Zdaniem Die Welt. tegoroczne Biennale pod batutą Artura Żmijewskiego osiągnęło stadium beznadziejnej prowokacji. A samemu artyście z Berlinem i Niemcami nie skojarzyło nic poza przeszłością historyczną i dlatego odtworzył on z grupą statystów w parku nad Szprewą bitwę o Berlin z 1945 roku. „Przy tym faworyzował na Biennale przede wszystkim obiekty przeładowane symboliką lub takie, które nie do końca są obiektami sztuki”- uważa Die Welt, za przykład podając 320 brzózek, które polski artysta Łukasz Surowiec przywiózł na wystawę z okolicy byłego obozu koncentracyjnego Birkenau.(...)

W podobnym duchu przedstawia berlińskie Biennale gazeta Sueddeutsche Zeitung

która swój komentarz tytułuje: „7.Biennale chce poprzez sztukę ujawnić polityczne prawdy, ale w rzeczywistości jest to tylko prowokacja”.

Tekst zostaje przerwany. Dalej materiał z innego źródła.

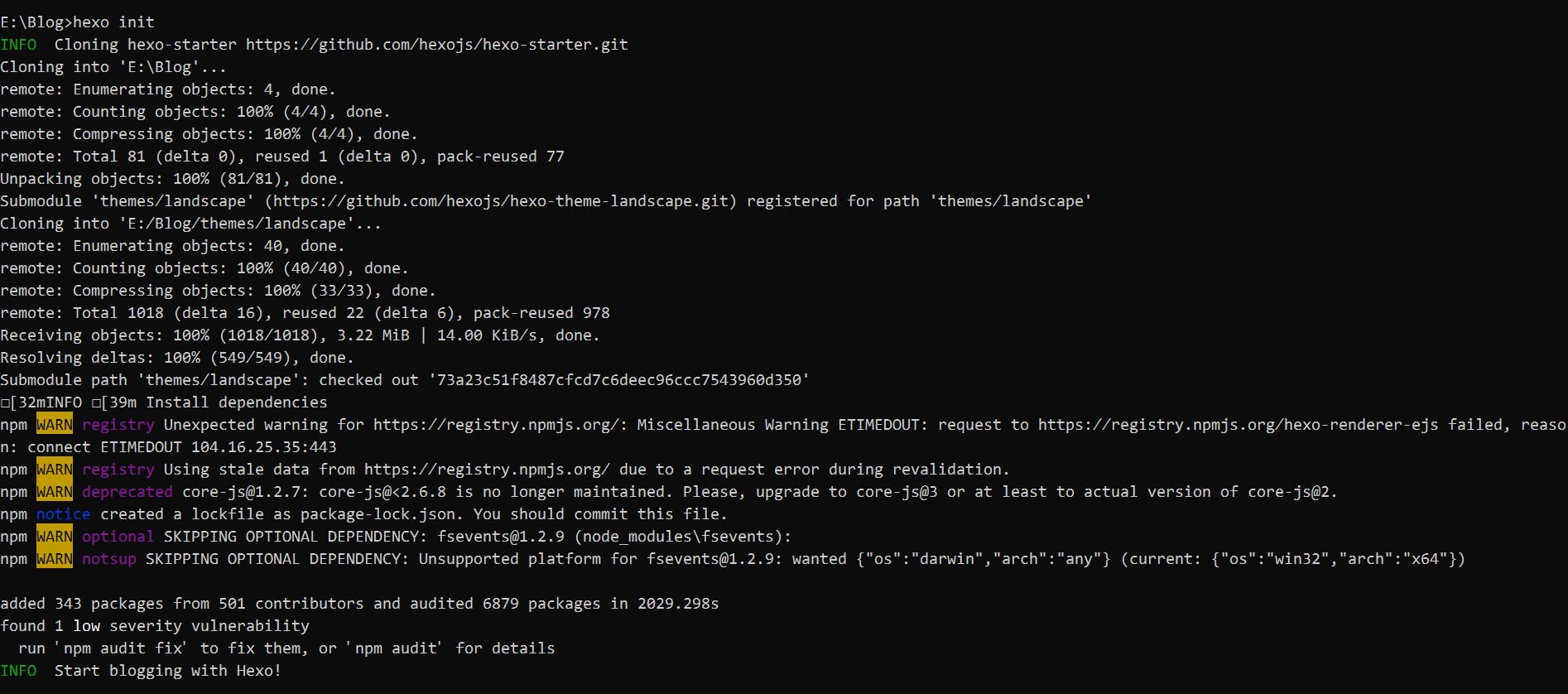 4.输入hexo init,初始化该文件夹(时间有点长!)

(...) A następnie pisze: „Trudno polecić tę wystawę, ale trzeba jednocześnie stwierdzić, że Arturowi Żmijewskiemu udało się wymusić nowy wzajemny stosunek sztuki i społeczeństwa do siebie”. 

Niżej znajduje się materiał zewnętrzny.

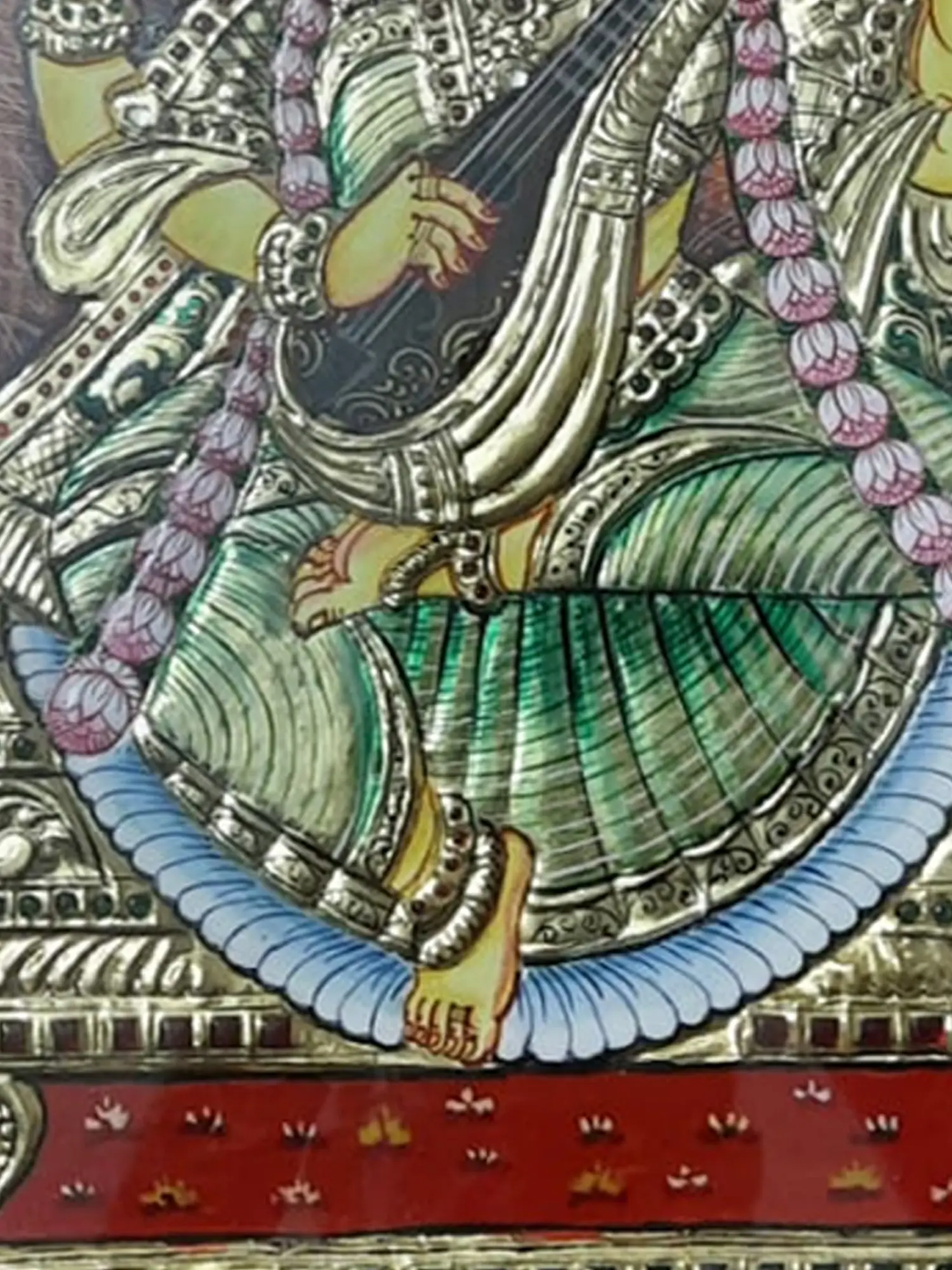 Painted in the traditional style of Tanjore art, this painting of goddess Saraswati depicts the Hindu goddess in a regal pose, seated on a throne with a large bolster, adorned with a golden saree, playing her Veena, representing a form revered as “Veenavadini”.

Wydanie internetowe Märkische Allgemeine informuje o nadużyciach na budowie nowego berlińskiego lotniska Schönefeld, gdzie zatrudnieni są min. budowlańcy z Polski. Niemieckie Związki Zawodowe (DGB) zajmują się przypadkiem ośmiu polskich pracowników, którzy pracują dla podwykonawcy zatrudnionego przez firmę z Eisenach w Turyngii. Polacy, jak stwierdzono, nie otrzymują od lutego br. wypłaty.(...) Jak pisze gazeta do takich nadużyć dochodzi w Berlinie stosunkowo często.

„Od 2006 r. mamy co tydzień kontrole celne na budowie i są one tak intensywne, że można mówić tylko o odosobnionych przypadkach nadużyć”- cytuje Märkische Allgemeine słowa rzecznika lotniska Ralfa Kunkela. Jak podaje gazeta na największej budowie stolicy Niemiec zatrudnionych jest dziennie około 6 tys. pracowników.